- Task to carry out: From the listing below, output the lines between the one with "Palling around with" and the one with "Leila and Ken’s", including those two, and nothing else. Pictures are not copied.

- Records to process:
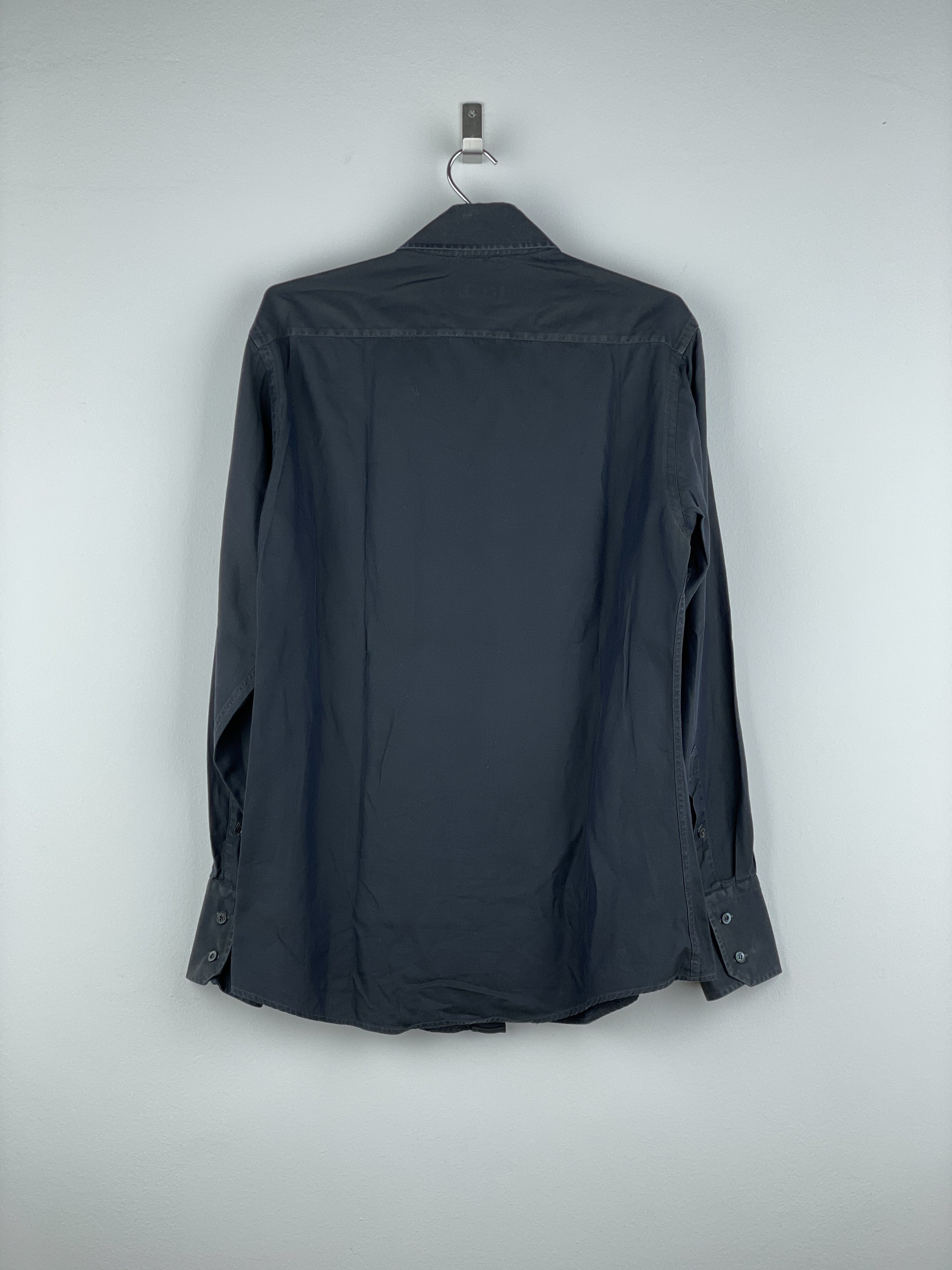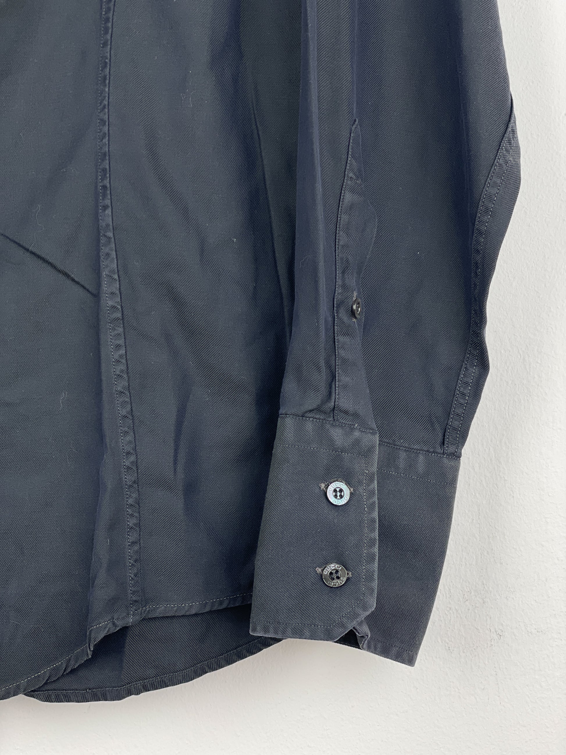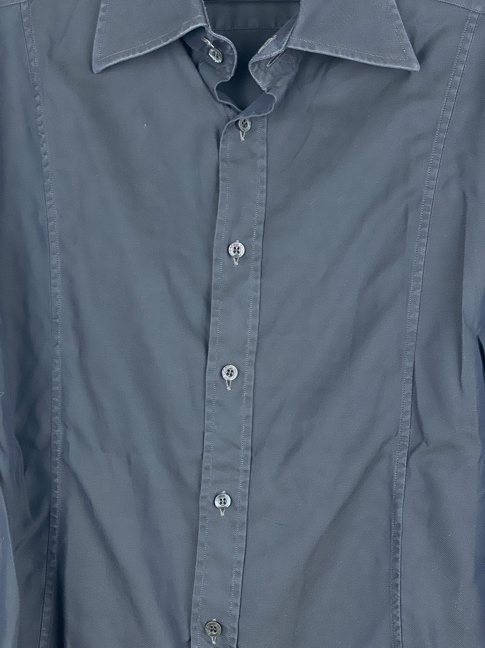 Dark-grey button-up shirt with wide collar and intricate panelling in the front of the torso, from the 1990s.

---

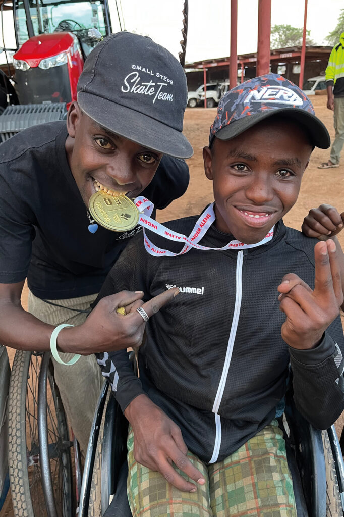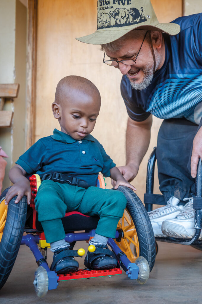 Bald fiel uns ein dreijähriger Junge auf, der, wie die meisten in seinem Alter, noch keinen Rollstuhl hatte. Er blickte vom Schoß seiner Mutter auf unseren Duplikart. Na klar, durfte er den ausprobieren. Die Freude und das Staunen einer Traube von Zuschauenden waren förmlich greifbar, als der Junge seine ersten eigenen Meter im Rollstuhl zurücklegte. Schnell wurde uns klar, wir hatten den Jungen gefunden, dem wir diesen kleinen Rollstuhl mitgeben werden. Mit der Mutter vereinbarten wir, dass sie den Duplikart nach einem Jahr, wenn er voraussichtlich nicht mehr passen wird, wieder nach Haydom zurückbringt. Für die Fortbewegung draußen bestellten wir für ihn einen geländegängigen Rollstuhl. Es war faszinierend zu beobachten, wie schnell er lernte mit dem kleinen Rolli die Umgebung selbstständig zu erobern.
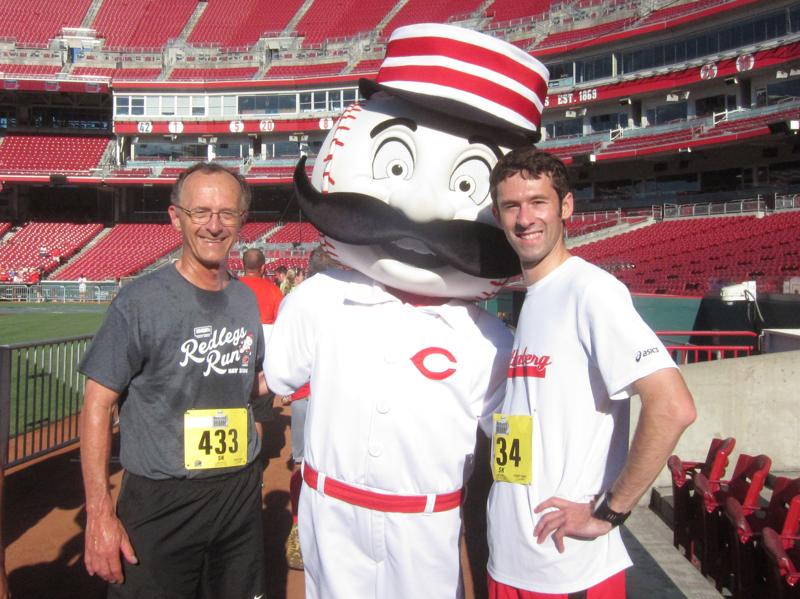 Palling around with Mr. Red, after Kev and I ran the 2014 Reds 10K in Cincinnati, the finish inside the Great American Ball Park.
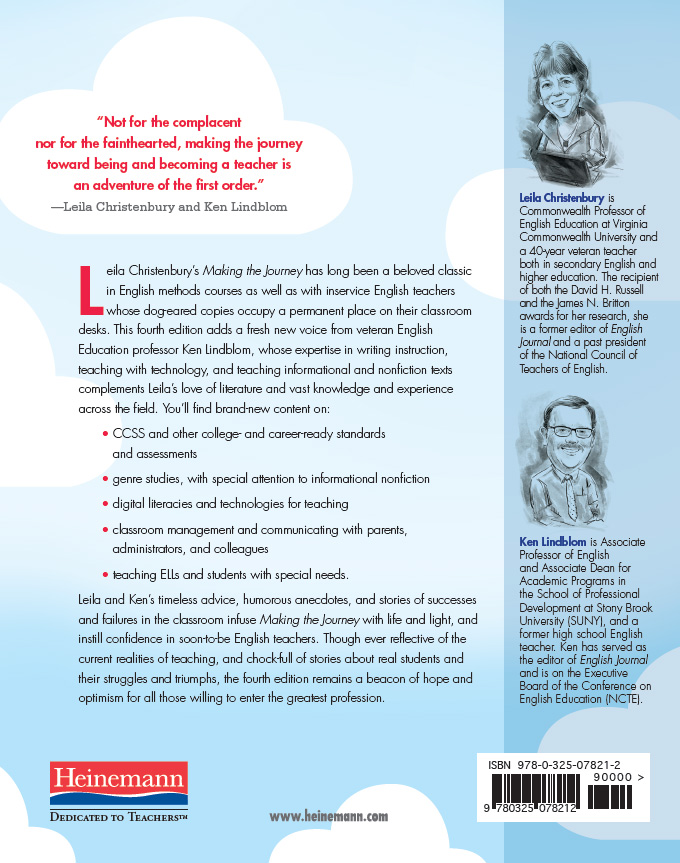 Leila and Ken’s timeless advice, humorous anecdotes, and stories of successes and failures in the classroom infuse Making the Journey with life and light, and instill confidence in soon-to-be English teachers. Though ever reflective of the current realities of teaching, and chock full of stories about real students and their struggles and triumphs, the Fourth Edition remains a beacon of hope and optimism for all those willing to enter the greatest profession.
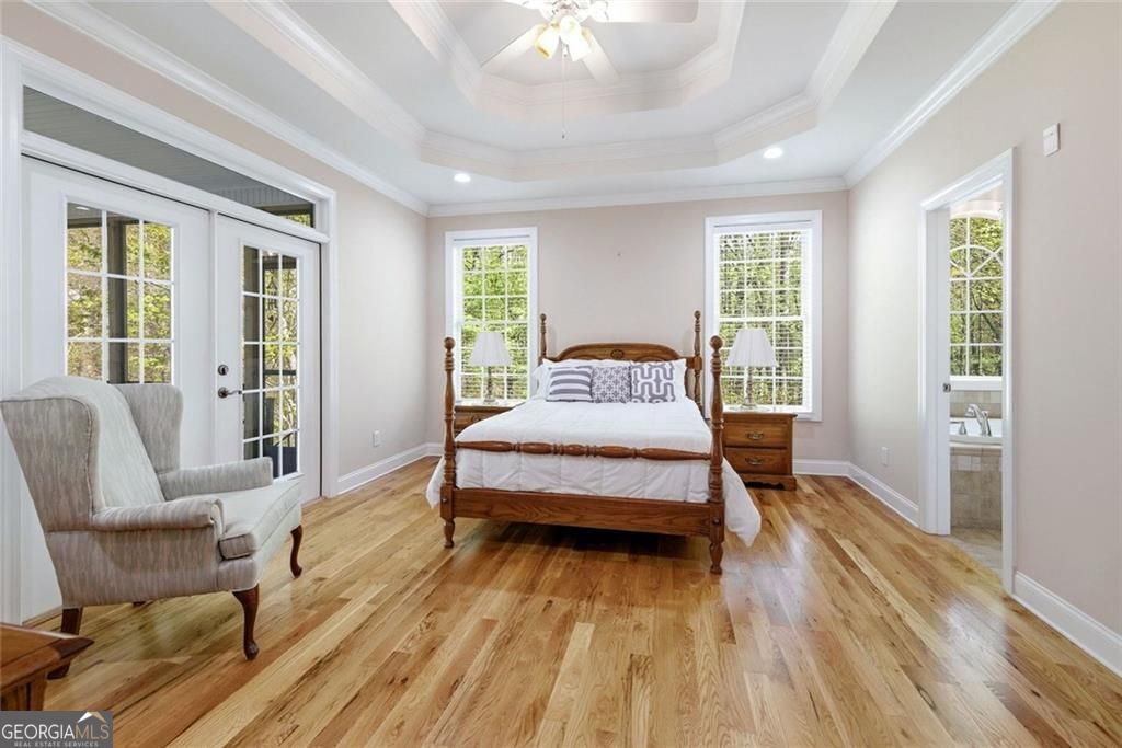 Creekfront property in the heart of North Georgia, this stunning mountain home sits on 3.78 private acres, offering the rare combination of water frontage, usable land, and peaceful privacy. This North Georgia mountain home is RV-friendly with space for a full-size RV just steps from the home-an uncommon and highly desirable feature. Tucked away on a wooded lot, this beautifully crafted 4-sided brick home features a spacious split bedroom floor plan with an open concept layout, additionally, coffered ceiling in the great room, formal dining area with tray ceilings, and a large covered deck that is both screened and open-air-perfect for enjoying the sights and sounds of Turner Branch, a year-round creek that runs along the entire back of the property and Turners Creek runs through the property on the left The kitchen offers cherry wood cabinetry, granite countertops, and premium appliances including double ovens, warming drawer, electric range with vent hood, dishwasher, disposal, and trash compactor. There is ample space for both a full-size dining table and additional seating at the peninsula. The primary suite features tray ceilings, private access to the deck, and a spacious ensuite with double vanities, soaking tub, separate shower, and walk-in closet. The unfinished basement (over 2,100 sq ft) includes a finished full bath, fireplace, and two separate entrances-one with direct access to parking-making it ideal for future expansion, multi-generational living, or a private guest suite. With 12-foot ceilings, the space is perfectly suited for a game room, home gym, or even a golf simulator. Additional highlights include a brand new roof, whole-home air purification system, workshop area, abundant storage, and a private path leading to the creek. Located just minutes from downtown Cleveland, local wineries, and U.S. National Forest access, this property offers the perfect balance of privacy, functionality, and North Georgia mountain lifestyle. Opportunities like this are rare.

- Answer box:
 Palling around with Mr. Red, after Kev and I ran the 2014 Reds 10K in Cincinnati, the finish inside the Great American Ball Park.
 Leila and Ken’s timeless advice, humorous anecdotes, and stories of successes and failures in the classroom infuse Making the Journey with life and light, and instill confidence in soon-to-be English teachers. Though ever reflective of the current realities of teaching, and chock full of stories about real students and their struggles and triumphs, the Fourth Edition remains a beacon of hope and optimism for all those willing to enter the greatest profession.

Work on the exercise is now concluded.